Manishearth · 2021-06-08T17:50:37Z

Note that it is possible to use unicode general categories to tell "could be identifier" apart from "probably not" but it's still iffy.

jeanlucthumm · 2021-06-08T21:15:09Z

How does the E-mentor tag work in this case? I'm not sure who my point of contact is.

Manishearth · 2021-06-08T21:59:48Z

@jeanlucthumm just ask questions here, I'll help

jeanlucthumm · 2021-06-17T02:41:22Z

It's not that simple, bear in mind that this includes other punctuation characters and whitespace and such.
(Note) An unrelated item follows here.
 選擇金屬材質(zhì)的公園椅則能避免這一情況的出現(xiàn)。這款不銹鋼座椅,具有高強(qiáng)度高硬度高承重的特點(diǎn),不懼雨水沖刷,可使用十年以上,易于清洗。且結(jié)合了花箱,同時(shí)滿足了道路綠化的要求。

A lot of these things are not identifier-like. We may need to figure out a heuristic for identifier-like, or we can just show a better error for all cases.
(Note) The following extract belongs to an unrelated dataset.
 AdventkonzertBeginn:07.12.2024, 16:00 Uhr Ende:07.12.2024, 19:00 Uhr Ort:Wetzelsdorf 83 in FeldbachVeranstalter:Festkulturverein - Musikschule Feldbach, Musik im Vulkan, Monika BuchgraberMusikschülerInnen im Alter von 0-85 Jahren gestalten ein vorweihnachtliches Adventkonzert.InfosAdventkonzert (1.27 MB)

@Manishearth Would it be wrong to say that anything we don't explicitly call punctuation in the lexer is just identifier-like by default? Because we have a well defined set of what we use as punctuation, e.g. ? and {, so if you're trying to use unicode characters that aren't part of that set you're almost certainly trying to use them as identifiers. That's the only part of the program that users have "control" over, everything else is set in stone. In other words, it wouldn't make sense to have a user try to use 𓃄 instead of an open bracket, but it would make more sense for people to experiment with what they can label variables with, including 𓃄. That's exactly what happened here when you tried to use an emoji. And for a lot of characters, like 𓃄, it would be genuinely impossible to determine if they are more identifier like or punctuation like anyways.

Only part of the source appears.